Don Biancalani al vetriolo contro Salvini, gli immigrati occupano la chiesa. Ecco la situazione

Il decreto sicurezza fortemente voluto da Salvini è entrato in vigore e si sentono i primi effetti. Il passo indietro sul permesso umanitario (un’anomalia tutta italiana) porta diversi migranti a dover abbandonare gli Sprar.

Questo li porta a cercare un nuovo posto dove stare, che dalle parti di Vicofaro (provincia di Pistoia) vuol dire andare nella chiesa di Don Biancalani. Che si sfoga contro la legge e contro Salvini.

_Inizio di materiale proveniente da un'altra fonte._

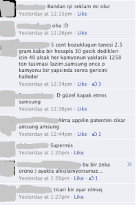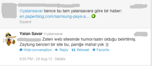 •  Haberin yayıldığı web sitesine baktığımızda, sitenin en başında haberin bariz mizah kategorisinde yer aldığı açıkça görülüyor. Daha da eğlencelisi, haber metninin tam sonunda Bu haberin doğru olduğuna inanmadınız değil mi, ama kabul edin çok eğlenceli buldunuz. diye bir satır eklemişler. “İnanılır gibi değil ama bu satırların yer aldığı sayfanın altında bile insanlar: “İşte Apple’a haddi böyle bildirilir! Yürü be Samsung!” benzeri yorumlar yapmışlar.
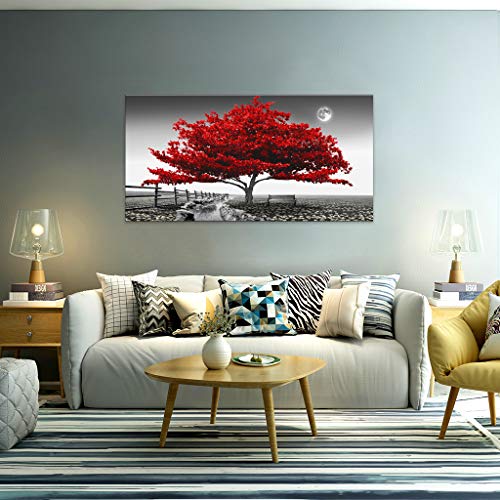 - Large Wall Art Red Tree Landscape Pictures Size:24x48inch

In buona sostanza, ci troviamo di fronte ad un prete che si ritiene al di sopra della legge, criticando le scelte del governo (che, per carità, è legittimo) e chiudendo gli occhi davanti al buon senso.

Vicofaro, come dice il religioso, sta indiscriminatamente continuando ad accogliere, ma la capienza degli spazi messi a disposizione comincia pian piano a scarseggiare. “Da noi arrivano due-tre persone a sera. Situazione insostenibile, non abbiamo più spazio. Gli ultimi spazi rimasti sono quelli della chiesa, dello spazio liturgico, con alcune decine di persone.

Una volta finito quello spazio lì, siamo impossibilitati, oggi ci sono circa 120 persone. Abbiamo fortunatamente una chiesa grandissima, ma abbiamo all’interno dell’aula liturgica 50 persone”.

Se da una parte il parroco pistoiese guarda con speranza ed ammirazione al presidente della Regione Toscana Enrico Rossi, che pochi giorni fa ha manifestato la chiara intenzione di voler continuare a garantire assistenza agli stranieri, si dimostra invece scettico ed assai critico nei confronti del governo italiano. “È una politica di bassissimo profilo anche culturale, furba, si approfitta di tutto. Certi movimenti hanno poco a che fare con la dottrina sociale della Chiesa. Basta confrontare le parole del papa con quello che viene fatto a livello politico”.

L’attacco prosegue poi con una denuncia vera e propria. “Sono quelle forze che poi si riversano in Fratelli d’Italia, nella Lega, o in movimenti come Forza Nuova. Esistono oggi delle contraddizioni vere che indispongono prima di tutto noi che siamo preti”.

Il paladino dell’accoglienza del senza se e senza ma, non c’è che dire. Fortuna che non è lui a fare le leggi in Italia. Se ne farà una ragione.